Boeing gab die Rekordzahl am Montag in Seattle bekannt. Der Konzern hatte im Jahr zuvor 601 Maschinen an seine Kunden übergeben. Boeing steigerte seine Produktion kontinuierlich. Nicht einmal die Probleme beim 787 „Dreamliner“ konnten die Amerikaner letztlich bremsen. Von dem hochmodernen Langstrecken-Flieger lieferte Boeing trotz aller Technikpannen 65 Stück aus.

Verkaufsschlager der Amerikaner sind und bleiben aber die Kurz- und Mittelstreckenjets der 737-Baureihe, die allein 440 Mal die Werkshallen verließen. Das ebenfalls erfolgreiche Konkurrenzmodell von Airbus ist der A320. Dem „Dreamliner“ setzen die Europäer den etwas größeren A350 entgegen, der allerdings erst ab diesem Jahr an die Kunden ausgeliefert wird. Mittelfristig hofft Airbus, sich wieder vor Boeing schieben zu können.

Boeings beste Kunden im Jahr 2012

Platz 10

Air China - 14 ausgelieferte Flugzeuge

Besonders auf der Langstrecke vertraut die chinesische Airline auf die Boeing 777. Zuletzt unterschrieb die Airline einen Kaufvertrag für die 747-800.

Platz 9

China Southern - 15 ausgelieferte Flugzeuge

Seit Anfang 1990 setzt die chinesische Airline Boeing-Maschinen ein. Neben der 737 und der 767, sollen bald auch einige Boeing 777 in die Flotte aufgenommen werden.

Platz 8

Aviation Capital Group - 16 ausgelieferte Flugzeuge

Mit einer Bestellung von 60 Flugzeugen vom Typ 737 Max sorgte die Leasinggesellschaften für eine turbulenten Start ins Jahr. Bereits im Vorjahr gehörte das US-Unternehmen zu den Großkunden von Boeing.

Platz 7

Emirates - 17 ausgelieferte Flugzeuge

Mit ihrem erfolgreichen Expansionskurs setzten die arabischen Airlines ihre europäische Konkurrenz unter Druck. Durch einen Riesenauftrag über 60 neue 777 gehört auch Boeing zu den Profiteuren.

Platz 6

All Nippon Airways - 19 ausgelieferte Flugzeuge

Die Japaner waren die erste Fluggesellschaft, die den "Dreamliner" in die Flotte aufnehmen durfte.

Platz 5

GECAS - 20 ausgelieferte Flugzeuge

Die Flugzeugleasingsparte von General Electrics gehört ebenfalls zu den Großkunden. Durch einen Auftrag über 100 Boeing 737 dürfte sich daran in den nächsten Jahren nichts ändern.

Platz 4

Ryanair - 20 ausgelieferte Flugzeuge

Der irische Billigflieger droht zwar immer wieder damit, zu anderen Flugzeugherstellern zu wechseln. Bisher besteht die Flotte aber ausschließlich aus Flugzeugen vom Typ Boeing 737.

Platz 3

Lion Air - 22 ausgelieferte Flugzeuge

Ein 22-Milliarden-Dollar-Auftrag der indonesischen Airline ließ die Branche im Februar 2012 aufhorchen. Auch die Südostasiaten setzen auf die 737.

Platz 2

American Airlines - 25 ausgelieferte Flugzeuge

Die amerikanische Airline mit den Silberpfeilen muss dringend ihre Flotte modernisieren und setzt auf Flugzeuge aus der Heimat.

Platz 1

Southwest Airlines - 25 ausgelieferte Flugzeuge

Gleichauf liegt Konkurrent Southwest, der seine Flotte mit 208 neuen Boeing 737 aufrüsten will und dafür die stolze Summe von 19 Milliarden Dollar investiert.

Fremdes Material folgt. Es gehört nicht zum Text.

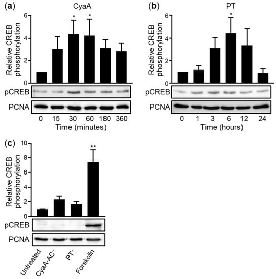 Purified CyaA and PT stimulate phosphorylation of CREB. Either 100 ng/mL of CyaA (a) or 100 ng/mL of PT (b) were added basolaterally to ALI-grown polarized VA10 cell layers for the indicated times. For comparison, 100 ng/mL of CyaA-AC– for 30 min, or 100 ng/mL of PT– for 6 h, were added as negative controls and 20 μg/mL of forskolin for 30 min was added as a positive control, respectively (c). Cell layers were lysed and nuclear lysates were analyzed by Western blotting. Activating phosphorylation of the Ser133 residue of CREB (pCREB) was detected using a pCREB-specific antibody. Immunoblots developed with anti-PCNA (proliferating cell nuclear antigen) antibody served as loading controls. Data represent mean with SEM from eight (a) or three (b,c) independent experiments. * p < 0.05; ** p < 0.01 compared with untreated cell layers (time 0 in (a,b)).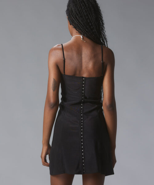 Black mini dress with hook eye closure detailing up the entire back as well as satin ribbon bows at the strap. Has a little bit of stretch for a comfy fit.

Airbus und Boeing kämpfen seit langem um die Vorherrschaft in der Luft. Bis 2011 hielten die Europäer jahrelang den Auslieferungsrekord, 2012 übernahmen die Amerikaner wieder die Führung. Und sie wollen diesen Vorsprung verteidigen: Momentan hat Boeing noch Bestellungen über 5080 Maschinen in den Büchern stehen - auch das ist neuer Rekord.

Zuletzt waren auf der Luftfahrtmesse in Dubai zahlreiche Aufträge eingegangen. So hat die aufstrebende arabische Billigfluglinie Flydubai einen versprochenen Auftrag über 86 Mittelstrecken-Jets am Montag endgültig erteilt. Der Wert nach Listenpreise liege bei 8,8 Milliarden Dollar (6,5 Mrd Euro), erklärte Boeing am Montag. Für weitere 25 Maschinen besteht eine Kaufoption.

Flydubai hatte auf der Luftfahrtmesse in Dubai im November seine Absicht bekundet, bis zu 111 Maschinen vom aktuellen Typ 737 und dem Nachfolger 737 MAX zu kaufen. Die gerade mal fünf Jahre junge Fluggesellschaft betreibt momentan eine Flotte von 34 Boeing-Jets.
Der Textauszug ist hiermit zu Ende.